And so goes the thoughts in my head the day after being discharged from the hospital.   Since cable TV was my only steady friend and we don’t have cable TV at home, we got really well acquainted in the past 3 days.  I am convinced now that the wood floors in our home are stunning and that we can stay put for awhile longer.  Wood floors are on-trend these days dontcha know?

I also learned that O.B. elastic panties secure blankets over hospital bedrails really well!   When you are on “Fall Precautions” and have a history of seizures, they pad the bedrails with them.  The only problem is that I am sure that wrapping blankets over metal bed rails hardly meets JCAHO requirements for prevention of injury!  They outta have provided bed pads.  Oh well.  Welcome to the modern hospital complete with a 20+ year old hammock sling for a mattress.  Otherwise, the food filled my belly and care was alright.

I was in the hospital after an urgent trip to the Rapid Care Clinic associated with my doctor’s office sent me there on Sunday.  The Internal Medicine Doc said I could get an evaluation from an Infectious Disease Specialist there (which I was later promised in the ER as well).  That never happened.  What did happen was getting pumped with a plethora of drugs that created nausea for the first day and one-half, exhaustion from side effects and lack of sleep, weight gain from 4,000 cc of fluid and food-snacks-with-every-drug-to-protect-my-tummy, and a lesson in humility.

Regarding the latter, I learned that Nurse Practitioners and Physician’s Assistants run the modern hospital in America these days.  Or at least they do for what happens bedside.  I saw both types of professionals; they got to talk to the Infectious Disease Doc but I did not.  Turns out that my acute case of shingles had been seen before so they treated me “by the book.”  Never mind my history of daily seizures and concern for the brain-swelling complications that can come with the worst cases of shingles:  a disaster potential which could change my life even further, forever.  Thank you Lord that I had called the Ophthalmologist on-call the night before and gotten the treatment needed to protect my eyes from the herpes zoster virus.  It is through the blurry vision of an eye ointment that I chat with you today!  The hospitalists never mentioned protecting my eyes from the spread of this nasty, searingly painful viral infection . . .

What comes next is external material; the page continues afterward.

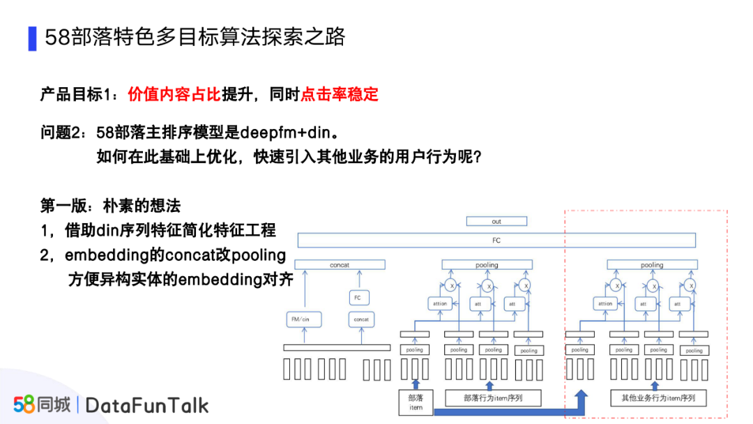 首先介绍下58部落的主排序模型:是DeepFM+Din的融合模型,那如何在此基础上进行优化,快速引入其它业务的用户行为呢?
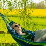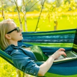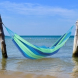 Szerokość 150 cm i długość 200 cm zapewniają dużo miejsca na odpoczynek we dwoje. Bez drążków rozporowych dla naturalnego otulenia ciała i ergonomicznego bujania.

So I did my time, got my drugs, stabilized a good part of the intractable pain, and got sent home with:  red lesions and swelling on the right side of my face, a 4th day of constipation, lots of prescriptions for drugs and OTC meds, and a renewed sense of what it means to NOT be in charge of your own life, your own healthcare.  I did get to ask questions and for that I am grateful.  I did receive my Lyme infusions of antibiotics before I left to continue that part of my treatment and for that I am grateful.  I tolerated a peripheral line for 3 days without skin irritation and for that I was amazingly grateful.  I did catch up on HGTV enough to last me a good long while and for that I am grateful.  And I was reasonably able to tolerate a modified, hybrid version of my diet from the hospital menu and for that I am grateful.  I was alone for those 3 days and 2 nights yet my Heavenly Husband was always present and for that I am grateful.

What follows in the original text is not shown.